When the National Resistance Movement (NRM) came to power in 1986, it had a clear domestic and external policy message which was compressed into the ten-point program. It was a program that had been based on compromise with national unity in mind which became a cornerstone in Uganda’s development discourse in the early years of the NRM administration.
Earlier, the late Grace Ibingira had written about the absence of national consciousness in Uganda brought about by the retention or intensification of ethnic differences during the colonial period. He observed that “Since the colonial system kept them alive through indirect rule and the policy of minimal inter-ethnic contact, the idea of Britain bequeathing a new state uniting all the divergent groups with a government of nationalist politicians from different groups, some historically enemies, generated intense fear in the country, most especially among the group that had more to lose, the Baganda” (G. S. Ibingira 1980).

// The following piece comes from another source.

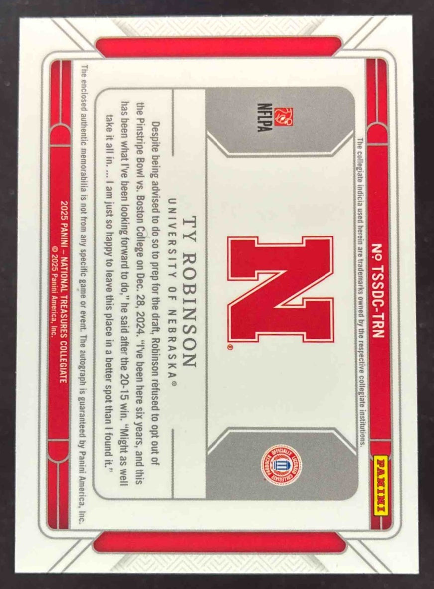 2025 National Treasures Collegiate Team Slogan Die Cut Gold Ty Robinson Auto /10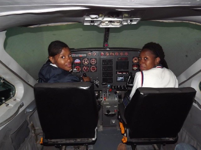 Karl Jensen and aspirant pilots from the Hillbrow Twilight Shelter………….. Natrinias Masinga & Xolane Sebiya In the Beech 1900 simulator

Since independence in 1962, every government has expressed determination to effect national unity. The NRM government had not only the most comprehensive message but also implemented it during the first years of its administration. It constructed a government of national unity, advocated anti-sectarianism, individual merit, separation of church and politics stressing that religion was between an individual and his/her God. It even preached against balkanization not only of states but within states as well. It correctly underscored that gender gaps, skewed income distribution by class and region were detrimental to national unity and must be addressed. That is why national resistance policies from grass roots to parliament took care of all these differences and interests.

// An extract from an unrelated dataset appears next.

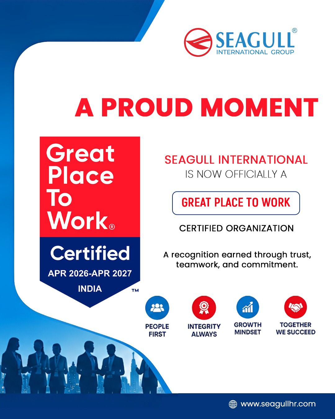 Seagull International Group has been officially recognized as a Great Place to Work® – Certified organization, marking a key milestone in its over four-decade journey in global talent acquisition and workforce mobility.

Ugandans applauded, the international media joined the bandwagon and Uganda’s stories were on front pages of most newspapers in the western world, the donor community extended a generous hand and President Museveni was declared the ‘father’ of the ‘new breed’ of African leaders who would not tolerate tribalism, corruption, dictatorship and the like. The donors’ push for multi-party democracy was even delayed to allow time for the experimentation of national resistance political system.
However, as time passed, something went wrong. Either the leadership of the NRM government was hoodwinking the public to buy time to consolidate its position militarily, economically and diplomatically or things just fell apart. Investigations tend to lead to the former. The NRM leadership knew all along that Uganda would be governed by Bahororo (Batutsi from Rwanda) for many years to come backed by Bahima and Catholic leadership. How was the project to be executed?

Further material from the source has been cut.